MoSi_(2)N_(4)的本征点缺陷以及掺杂特性的第一性原理计算

First-principles calculation of intrinsic point defects and doping performance of MoSi_(2)N_(4)

新兴二维材料MoSi_(2)N_(4)因其卓越的半导体性能,包括出色的环境稳定性和高载流子迁移率而受到相当多的关注.然而,半导体中的本征缺陷往往不可避免并且会显著影响器件性能.本文使用密度泛函理论计算并分析了MoSi_(2)N_(4)中本征点缺陷的性质及其产生的影响.首先确认了该材料物理性质与目前实验数据的一致性,之后通过计算12种本征缺陷的形成能,发现钼替硅型反位缺陷(Mo_(Si))在所有本征缺陷中占主导地位.在整体电荷保持中性的约束条件下,通过自洽费米能级计算,本文发现仅仅引入本征缺陷的MoSi_(2)N_(4)会表现出本征特征,这体现了其作为半导体器件材料的潜力,然而该本征性质与在生长过程中观察到的二维MoSi_(2)N_(4)的p型特征相矛盾.而在后来的缺陷浓度计算中,发现对于MoSi_(2)N_(4)用适当的杂质进行掺杂,可以实现n型和p型半导体特征,且本征缺陷的补偿效应很弱.这表明在生长过程中MoSi_(2)N_(4)的p型特征可能是由于非平衡生长条件下引入的杂质或硅空位缺陷造成的.本工作不仅展示了MoSi_(2)N_(4)在半导体器件应用上的潜力,还为未来该材料缺陷机理的研究提供了数据支撑.
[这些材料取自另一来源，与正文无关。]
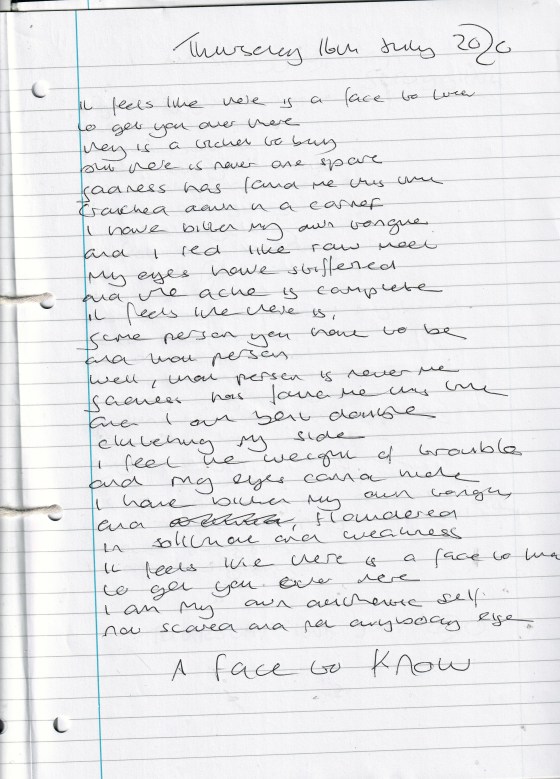 A Face to Know – Written Thursday 16th july 2020 (Aged 45)

MoSi_(2)N_(4) is an emergent two-dimensional(2D)material,which has received much attention because of its excellent performance over semiconductors,including excellent environmental stability and high carrier mobility.However,the formation of intrinsic defects in semiconductors is often inevitable and can significantly affect device performance.By using density functional theory(DFT),we analyze the properties and effects of intrinsic point defects in MoSi_(2)N_(4).We first confirm the consistency of our results with current experimental data.After that,the formation energy values of twelve native defects reveal that the antisite defect of molybdenum substituting for silicon(Mo_(Si))defect dominates in all intrinsic defects.Under the constraint of overall charge neutrality,self-consistent Fermi level calculations reveal that MoSi_(2)N_(4) with only intrinsic defects exhibits intrinsic characteristics,highlighting its potential as a semiconductor device material.However,this intrinsic nature contradicts the p-type characteristics observed in two-dimensional MoSi_(2)N_(4).In the subsequent defect concentrations,we find that both n-type and p-type behavior can be easily realized by doping appropriate impurities without being compensated by native defects.This suggests that the p-type characteristics of MoSi_(2)N_(4) during growth may result from p-type impurities introduced under non-equilibrium growth conditions or silicon vacancy defects.Our findings not only demonstrate the potential applications of MoSi_(2)N_(4) in semiconductor devices but also provide valuable guidance for future studying the defect mechanisms of this material.